Сафонов встретился в коридоре отдела с Димой Скориковым. Он позвал молодого коллегу в свой кабинет для разговора. В кабинете он предложил Диме кофе, Скориков не отказался. Сафонов запустил старый пластмассовый электрочайник. Апарат приглушенно загудел в напряженной физическом процессе. Сафонов начал розговор:
- Димон, как жизнь молодая, успехи?
-  Лучше всех.
- Да, серьёзно.
- А что?
- С Томками трёшься?
- Иногда, по работе.
-  Знаю я их работу.  Руки им бы оторвать за такую, мать её, работу.
- Я в отношении своих коллег придерживаюсь лояльной политики.
- А когда они чтобы свой зад сохранить тебя подставят, ты тоже будешь такую муть заумную нести. На, бери свой кофе. Сахара нет, на работе муравьёв не развожу, есть конфеты.
- Спасибо.
Дима взял чашку, поставил её перед собой. Развернув конфету, надкусил её и запил двумя глотками.
- Васильевич, а что за вопрос, вообще? – Попытался уточнить молодой опер предмет беседы.
- Вопрос в том, что рано ты - Димочка сломался, так сказать свет на блеск поменял. Вот гляжу я на тебя и испытываю одно разочарование.

Дима ответил после небольшой паузы, словно прожевывая слова:
- А ты Васильевич, смотреть на меня не обязан. Не всех же вдохновляет перспектива сутками пахать за идею, чтобы на пенсию уйти легендарным майором, каждому своё, я чел простой, выделяться из обычной толпы не собираюсь.

- Вот, вот, уже долговязость тупая на пацанский манер появилась. Чего ты выёживаешься? Нормально можешь говорить? это ведь не твоё. Строишь из себя крутого, я решаю, я типа «ка-пи-тан своей судьбы», а сам прячешься за толпу.

- Ну а если и так, что плохого в толпе?
- Да-а, прямо сообщество красавцев: агрессивные, но трусливые; капризные, но беспринципные, амбициозные, но пустые. Таким хочешь быть?

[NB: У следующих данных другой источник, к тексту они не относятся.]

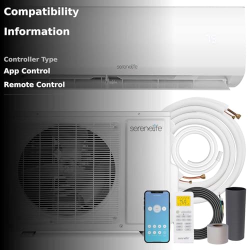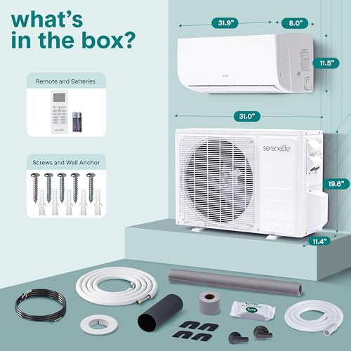 Effortlessly heat or cool up to 550 sq ft with the SereneLife 12,000 BTU mini split. Energy-efficient, whisper-quiet performance, WiFi smart control, sleek wall-mounted design, plus installation kit included.

- Хочешь, не хочешь, приходится. Работала бы у меня жена ведущим специалистом в коммерческом медицинском центре, может я и не связывался с Томками. Но жизнь в Москве дорогая, а денег на неё государство зажимает, так что каждый сам по себе, кто как может.

- Ну так, у тебя всё впереди. Только вот когда обзаведёшься женой с нормальным доходом, будет уже поздно. К тому же тебе ли плакаться: в твои двадцать пять у тебя и машина есть, ах. да и квартира своя. Эх, Дима, не хлебнул ты девяностых.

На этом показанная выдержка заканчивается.